RECORDS PROVIDED:
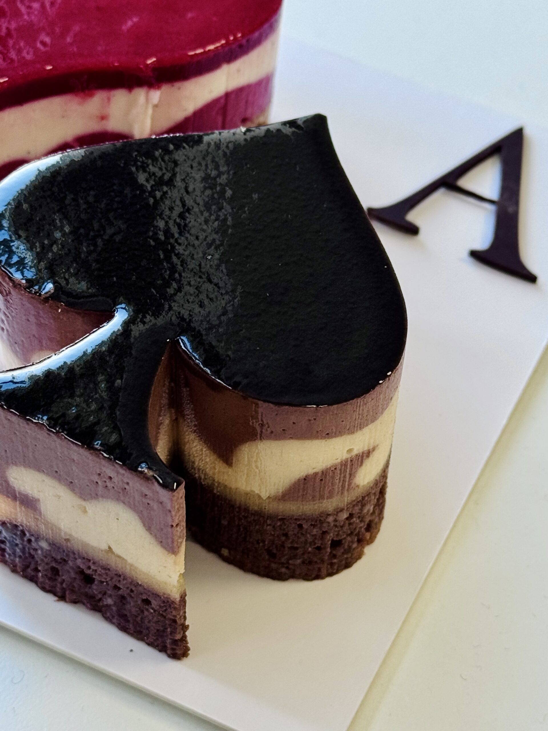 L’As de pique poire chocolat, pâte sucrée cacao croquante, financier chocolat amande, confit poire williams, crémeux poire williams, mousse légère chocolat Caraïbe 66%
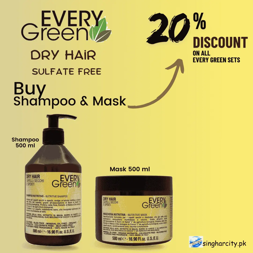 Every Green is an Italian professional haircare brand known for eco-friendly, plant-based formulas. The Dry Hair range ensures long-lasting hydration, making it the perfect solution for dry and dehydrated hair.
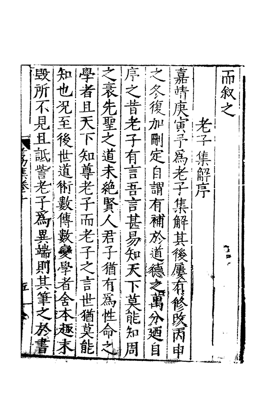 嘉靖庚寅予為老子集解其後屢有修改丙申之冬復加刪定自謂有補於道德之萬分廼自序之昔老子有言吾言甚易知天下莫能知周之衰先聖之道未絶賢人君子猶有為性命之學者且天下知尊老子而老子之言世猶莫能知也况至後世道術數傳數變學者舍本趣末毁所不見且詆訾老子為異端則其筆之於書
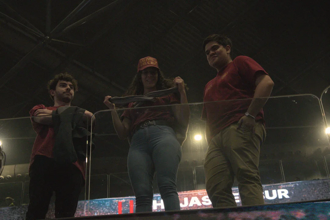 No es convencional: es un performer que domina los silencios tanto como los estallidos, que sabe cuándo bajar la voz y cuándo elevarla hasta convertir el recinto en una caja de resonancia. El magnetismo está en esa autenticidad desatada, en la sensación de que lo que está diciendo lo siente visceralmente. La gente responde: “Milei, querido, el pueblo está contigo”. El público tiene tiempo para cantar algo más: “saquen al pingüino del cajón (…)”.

--

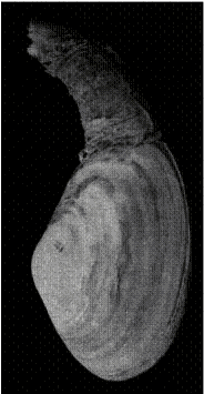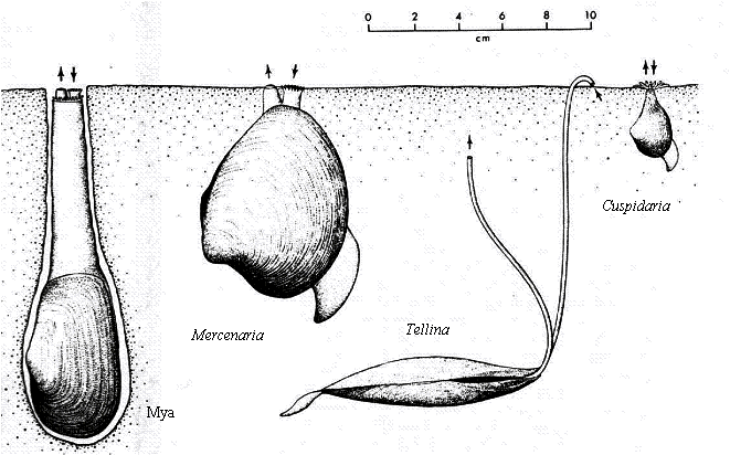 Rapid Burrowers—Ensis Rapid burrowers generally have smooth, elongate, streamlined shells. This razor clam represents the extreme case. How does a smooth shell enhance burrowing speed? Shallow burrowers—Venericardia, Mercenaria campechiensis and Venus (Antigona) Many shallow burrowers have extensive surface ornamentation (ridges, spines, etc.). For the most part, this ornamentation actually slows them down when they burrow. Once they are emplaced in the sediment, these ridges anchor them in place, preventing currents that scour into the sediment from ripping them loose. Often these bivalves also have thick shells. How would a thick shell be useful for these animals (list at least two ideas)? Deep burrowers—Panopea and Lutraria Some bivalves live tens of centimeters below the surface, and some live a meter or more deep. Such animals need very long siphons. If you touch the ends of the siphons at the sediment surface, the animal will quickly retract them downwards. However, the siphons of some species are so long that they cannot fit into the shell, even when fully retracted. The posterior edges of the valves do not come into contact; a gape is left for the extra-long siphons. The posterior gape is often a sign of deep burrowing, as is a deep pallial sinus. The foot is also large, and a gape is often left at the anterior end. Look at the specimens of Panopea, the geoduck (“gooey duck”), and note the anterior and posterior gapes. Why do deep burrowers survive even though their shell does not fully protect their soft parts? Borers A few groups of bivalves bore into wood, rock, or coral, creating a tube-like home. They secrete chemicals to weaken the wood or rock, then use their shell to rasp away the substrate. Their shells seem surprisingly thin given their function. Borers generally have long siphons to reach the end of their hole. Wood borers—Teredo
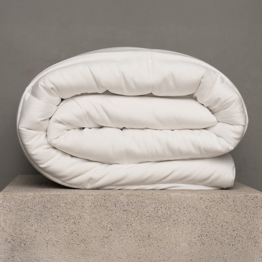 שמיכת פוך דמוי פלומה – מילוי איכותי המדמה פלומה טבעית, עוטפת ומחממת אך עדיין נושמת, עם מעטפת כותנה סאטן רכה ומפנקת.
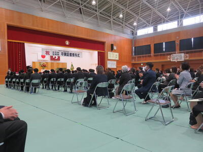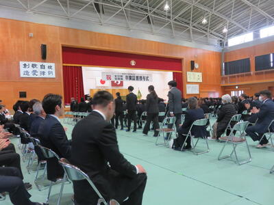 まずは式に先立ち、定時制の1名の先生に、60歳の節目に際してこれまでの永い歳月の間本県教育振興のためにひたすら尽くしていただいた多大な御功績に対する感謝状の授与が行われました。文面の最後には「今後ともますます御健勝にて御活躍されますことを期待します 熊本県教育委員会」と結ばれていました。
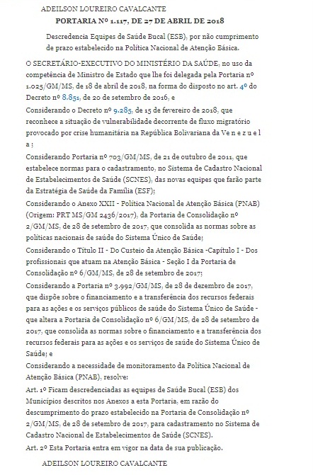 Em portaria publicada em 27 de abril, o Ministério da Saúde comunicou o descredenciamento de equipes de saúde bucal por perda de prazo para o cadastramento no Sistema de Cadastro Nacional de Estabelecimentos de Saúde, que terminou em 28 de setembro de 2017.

ASSIGNMENT:
With the pictures omitted, print the lines above exactly, beginning at the line with "Every Green is" and going on through the line with "No es convencional: es".

ANSWER FOR THIS EXERCISE:
 Every Green is an Italian professional haircare brand known for eco-friendly, plant-based formulas. The Dry Hair range ensures long-lasting hydration, making it the perfect solution for dry and dehydrated hair.
 嘉靖庚寅予為老子集解其後屢有修改丙申之冬復加刪定自謂有補於道德之萬分廼自序之昔老子有言吾言甚易知天下莫能知周之衰先聖之道未絶賢人君子猶有為性命之學者且天下知尊老子而老子之言世猶莫能知也况至後世道術數傳數變學者舍本趣末毁所不見且詆訾老子為異端則其筆之於書
 No es convencional: es un performer que domina los silencios tanto como los estallidos, que sabe cuándo bajar la voz y cuándo elevarla hasta convertir el recinto en una caja de resonancia. El magnetismo está en esa autenticidad desatada, en la sensación de que lo que está diciendo lo siente visceralmente. La gente responde: “Milei, querido, el pueblo está contigo”. El público tiene tiempo para cantar algo más: “saquen al pingüino del cajón (…)”.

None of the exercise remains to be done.